AOP methods, including electrochemical methods, are highly efficient processes for the degradation of toxic organic micropollutants. The advantages of the use electrochemical processes are:

-

highly efficient method of POPs degradation (above 90%);

-

easy control of the technical parameters of the process: current density, solution pH, catalyst concentration;

-

minimization of consumption of chemical reagents;

-

possible reduction of process time;

-

anode materials with high overpotential allowing the generation of additional hydroxyl radicals;

-

cathode materials with high overpotential increasing H₂O₂ production and allowing the regeneration of iron ions.
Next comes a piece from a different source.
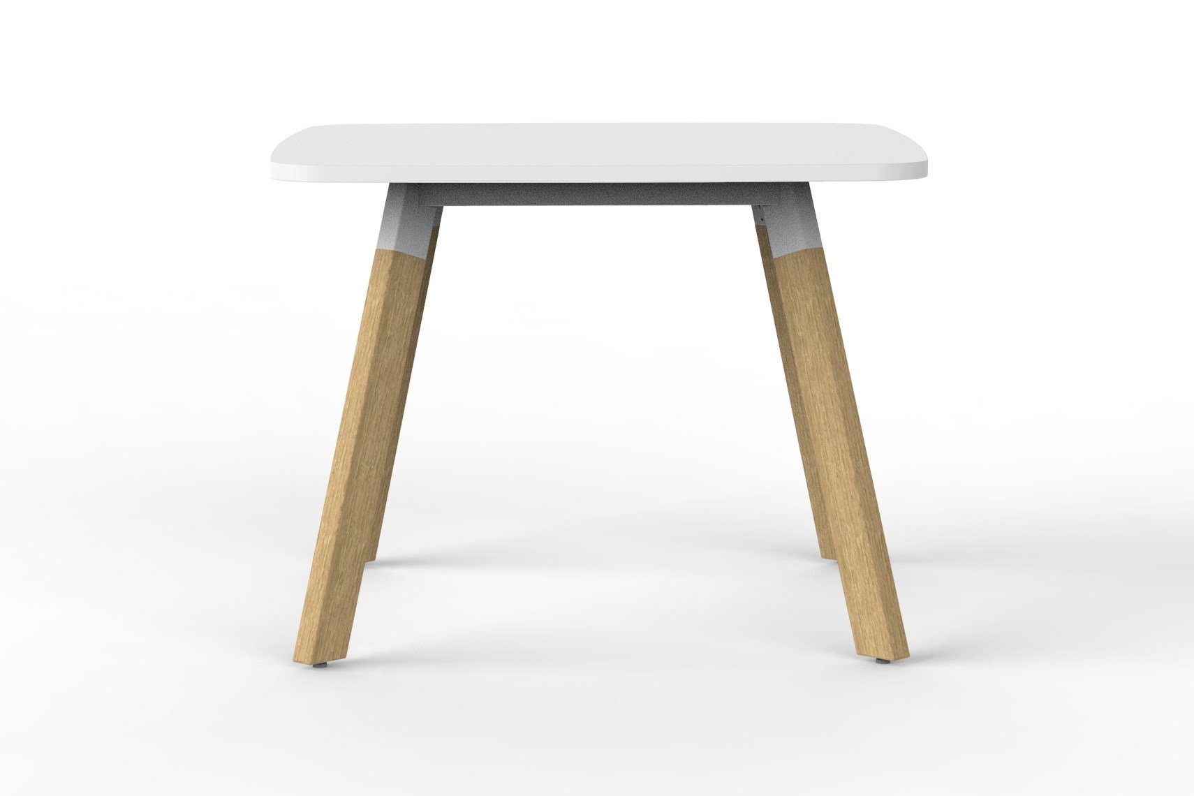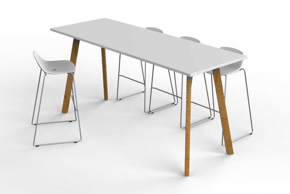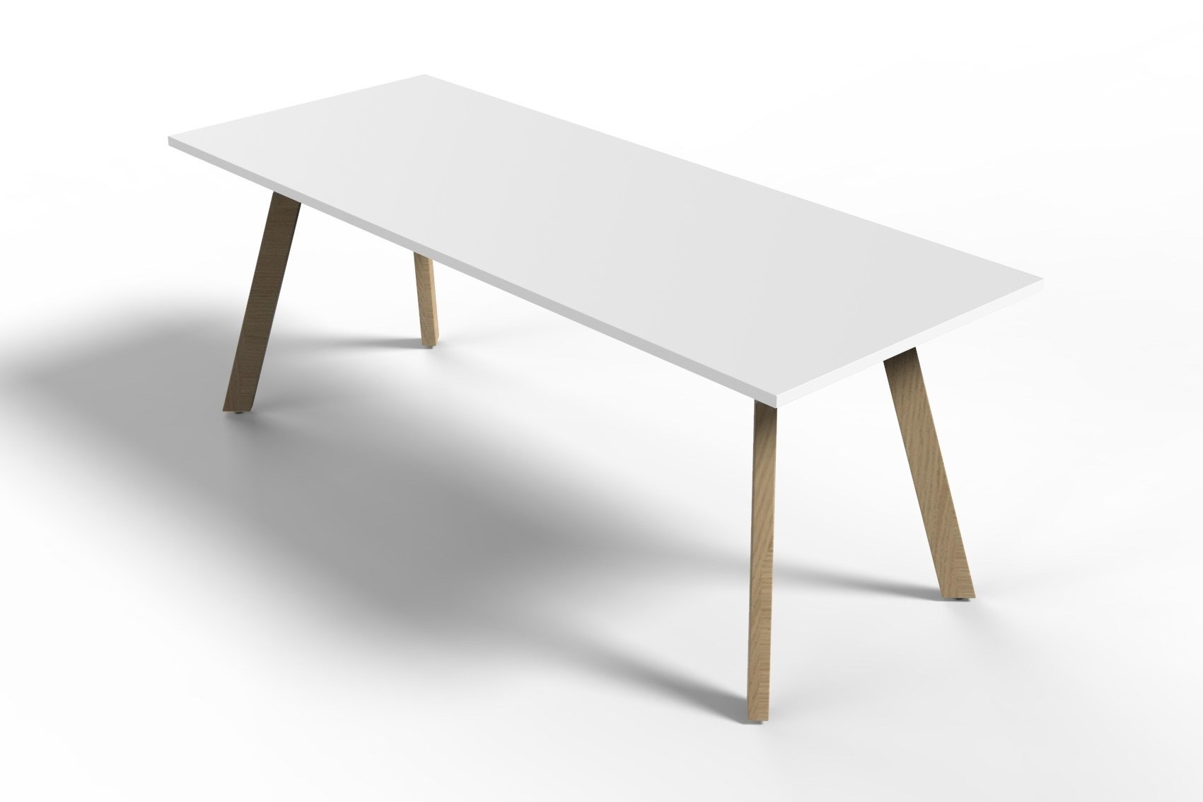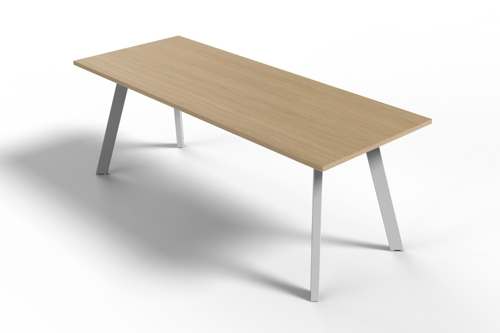 De vergadertafel is leverbaar in verschillende soorten afmetingen. Het onderstel van de tafel is leverbaar in hout en metaal en het metaal is verkrijgbaar in de kleuren wit en zwart. Het tafelblad is gemaakt van melamine en heeft rechte hoeken. De tafels zijn niet aan elkaar te koppelen.

Both the choice of method and process conditions should be optimized according to the type and concentration of contaminants, as well as the presence of other components in the treated wastewater. The process parameters, the choice of reagent doses, and selection of the energy used are all aimed at mineralizing organic pollutants, as well as minimizing the formation of intermediate products and the toxicity of the post-process solutions. However, sometimes the process of complete degradation can be lengthy and increases the costs of the operation. Modifications of AOPs consist of using various radical precursors, catalysts accelerating the course of radical reactions.

Problems associated with the use of electro-processes are:

-

release of inorganic ions during mineralization of POPs containing heteroatoms;

-

use of a supporting electrolyte;

-

use of an acidic solution for pH correction;

-

formation of refractory by-products as intermediates (this is specific to all oxidation processes).

In the case of electrochemical methods, the selection of electrode materials is also important [83,84,85].

The challenges and prospects for the use of electro-processes are as follows:

-

use of hybrid processes;

-

integrated biological and electrochemical processes for the removal of organic xenobiotics from water and wastewater;

-

use of renewable energy sources to enhance electrochemical processes;

-

development of new electrode materials.

Advanced oxidation processes can be stand-alone or complementary to conventional processes for the treatment of industrial (including landfill leachate) and domestic wastewater.